In light of this reexamination, the basic framework of Post-WWII conservatism seems to be as secure a foundation as ever, that is, the general Kirkian outline stated in his seminal work, The Conservative Mind, remains entirely relevant:
- Belief in a transcendent order, or body of natural law, which rules society as well as conscience.
- Affection for the proliferating variety and mystery of human existence, as opposed to the narrowing uniformity, egalitarianism, and utilitarian aims of most radical systems.
- Conviction that civilized society requires orders and classes as against the notion of a “classless society.”
- Persuasion that freedom and property are closely linked.
- Faith in prescription and distrust of “sophisters, calculators, and economists” who would reconstruct society upon abstract designs.
- Recognition that change may not be salutary reform: hasty innovation may be devouring conflagration, rather than a torch of progress.
In addition to this general framework of the conservative persuasion, Kirk also provides a brief list of pillars describing the radicalism any informed conservative would oppose:
- The perfectibility of man and the illimitable progress of society: meliorism. Radicals believe that education, positive legislation, and alteration of environment can produce men like gods; they deny that humanity has a natural proclivity toward violence and sin.
- Contempt for tradition. Reason, impulse, and materialistic determinism are severally preferred as guides to social welfare, trustier than the wisdom of our ancestors. Formal religion is rejected and various ideologies are presented as substitutes.
- Political leveling. Order and privilege are condemned; total democracy, as direct as practicable, is the professed radical ideal. Allied with this spirit, generally, is a dislike of old parliamentary arrangements and an eagerness for centralization and consolidation.
- Economic leveling.
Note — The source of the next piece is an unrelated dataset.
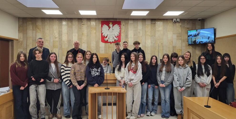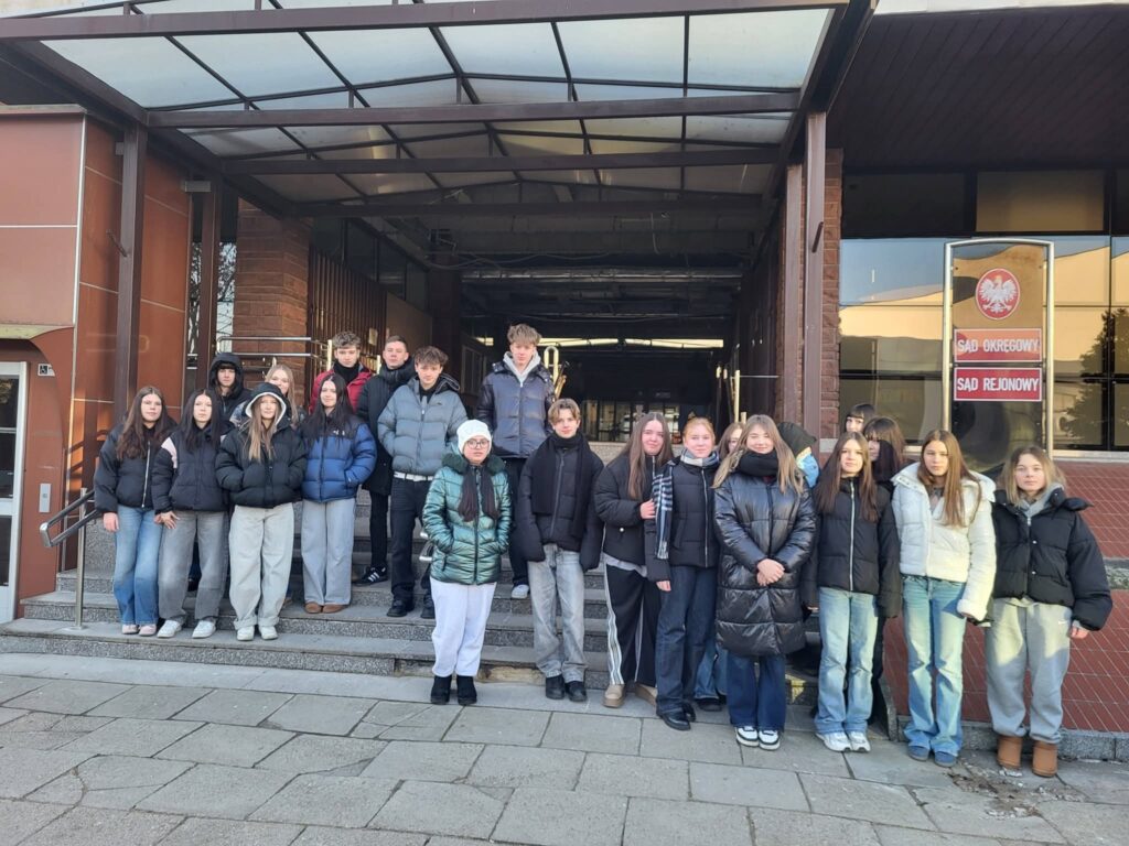W dniu 22 stycznia klasa 8b wraz z wychowawcą udała się na wyjście edukacyjne do Sądu Rejonowego w Sieradzu. Podczas wizyty mieliśmy okazję uczestniczyć w dwóch rozprawach sądowych. Pierwsza z nich dotyczyła znęcania się nad rodziną oraz psem, natomiast druga związana była z handlem narkotykami.

The ancient rights of property, especially property in land, are suspects to almost all radicals; and collectivistic reformers hack at the institution of private property root and branch.
If we were to seriously examine these canons of conservatism and the pillars of radicalism, it would be non-controversial to argue that what Bush I and especially Bush II brought into the GOP was a form of extremism that is alien to the Kirkian conservative worldview. American foreign policy after the Cold War, and especially since 9/11 can most accurately be defined by the radicalism condemned by these conservative principles.
In addition to this, I would strongly contend that any conservatism that is worth taking seriously would reject any and all forms of liberalism. Liberalism, whether classical or progressive, erodes the very fabric of the political and social order because they are structured upon the abstract ideals conservatives reject as viable alternatives for guiding the preservation and flourishing of the civil society. The liberalism developed during the Enlightenment was predicated upon the notion of unshackling oneself from tradition and prescription, hence, Immanuel Kant’s famous dictum, “Dare to reason.” To usher in the new, the old must be cast off and over thrown. Instead of attempting to de-liberalize the Enlightenment, conservatives ought to be the most committed critics of modern philosophy and the modernist mindset structured upon the problematic foundation of liberal autonomy and secular neutrality.
These considerations assist in identifying a fatal flaw embedded within most of the conservative work that has taken place since it became a cultural and political force to be reckoned with. The error that even Russell Kirk was guilty of committing was to try and make conservative that which cannot be made conservative – the American Revolution. It should be painfully obvious that revolutionary movements and conservatism are in opposition to one another according to the descriptions offered above. This is a pernicious error undermining even the most traditionally influenced versions of the American conservative legacy.
American conservatism does not go far enough in its criticism of liberalism and modernity. In attempting to preserve the radicalism of Lockean revolutionaries, conservatives have legitimated the very liberalism they are allegedly at intellectual and spiritual war with; by granting liberalism a seat at the philosophical table conservatives have unwittingly planted the seeds of progressive ideology.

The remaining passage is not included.